The updated formula for particle velocity is as follows:
wherein, the liquid crystal display device comprises a liquid crystal display device,representing the speed of particle i in the d-th dimension at the t+1st iteration,/o>Representing the speed of particle i in the d-th dimension at the t-th iteration, r 1 、r 2 Represents [0,1 ]]Random number in->Representing the optimal position of particle i in the d-th dimension at the t-th iteration,/th>Represents the optimal position of the d-th dimension of the whole particle swarm at the t-th iteration,/for the t-th iteration>The position of particle i in the d-th dimension at the t-th iteration, d=1, 2.

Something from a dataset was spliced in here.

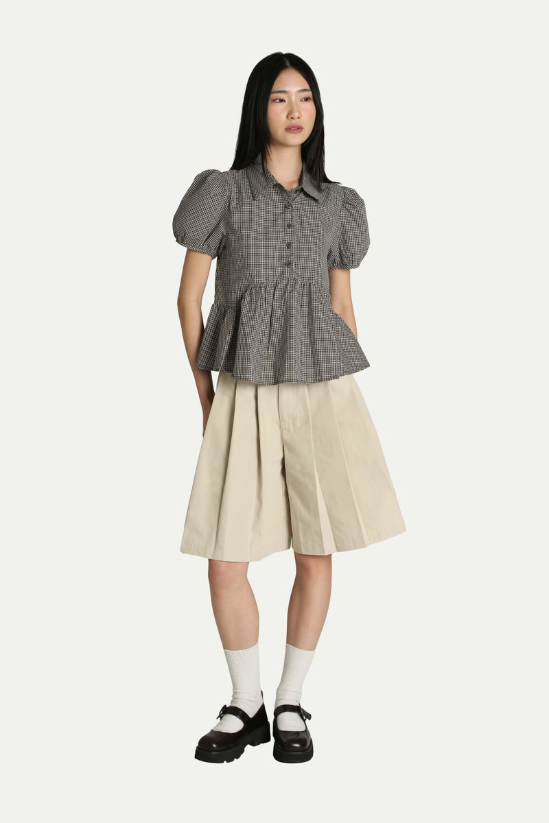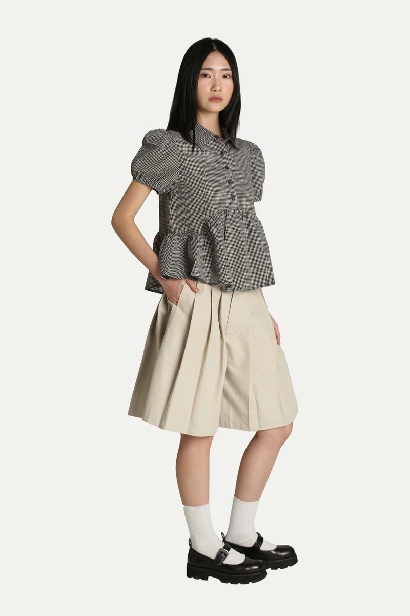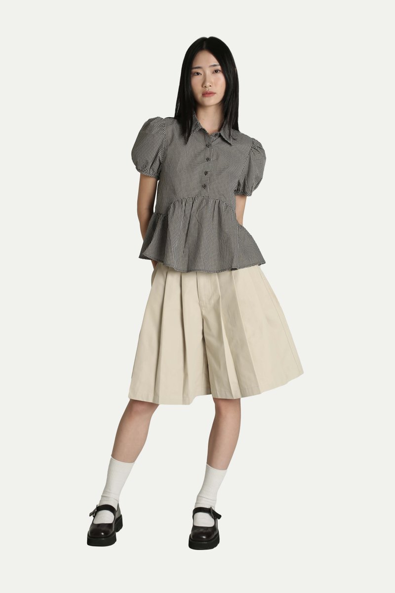 YUTO PLEATED HAKAMA BERMUDAS IN BONE

The position of each particleTaking 0 or 1, and updating the particle position according to the updated particle speed, wherein the expression is as follows:
wherein, the liquid crystal display device comprises a liquid crystal display device,indicating that particle i was at the t+1st iterationThe d-th dimension of the position, r, represents 0,1]Random number in, sigmoid (x) =1/1+e -x
In the step B05, in the later stage of the improved particle swarm optimization algorithm, the convergence speed and convergence precision often cannot meet the expected requirements, and because the chaotic variable has initial value sensitivity and ergodic property, the invention combines a logics mapping formula in chaotic optimization with the improved particle swarm optimization algorithm to perform chaotic search on an example with poor adaptation degree in the later stage of iteration, thereby expanding the search precision of particles and accelerating the convergence speed.
When the distance d between the position of the particle i and the optimal position of the population at the current moment i When the position of the particle i is smaller than a preset threshold value, the particle i is worse, and the position of the particle i is updated by adopting chaotic search; when the distance d between the position of the particle i and the optimal position of the population at the current moment i And if the position of the particle i is not smaller than the preset threshold value, the position of the particle i is kept unchanged. In the embodiment of the invention, the threshold value is 10 -2
d i =(X i -X gbest ) 2 (9)
Wherein X is i Indicating the position of particle i, X gbest Representing the optimal position of the population.
According to the invention, the positions of particles are mapped into a chaotic space, the positions of the particles are updated through a logics formula, and then the positions of the particles are mapped out in a reverse way, so that the positions of the particles in chaotic search are obtained.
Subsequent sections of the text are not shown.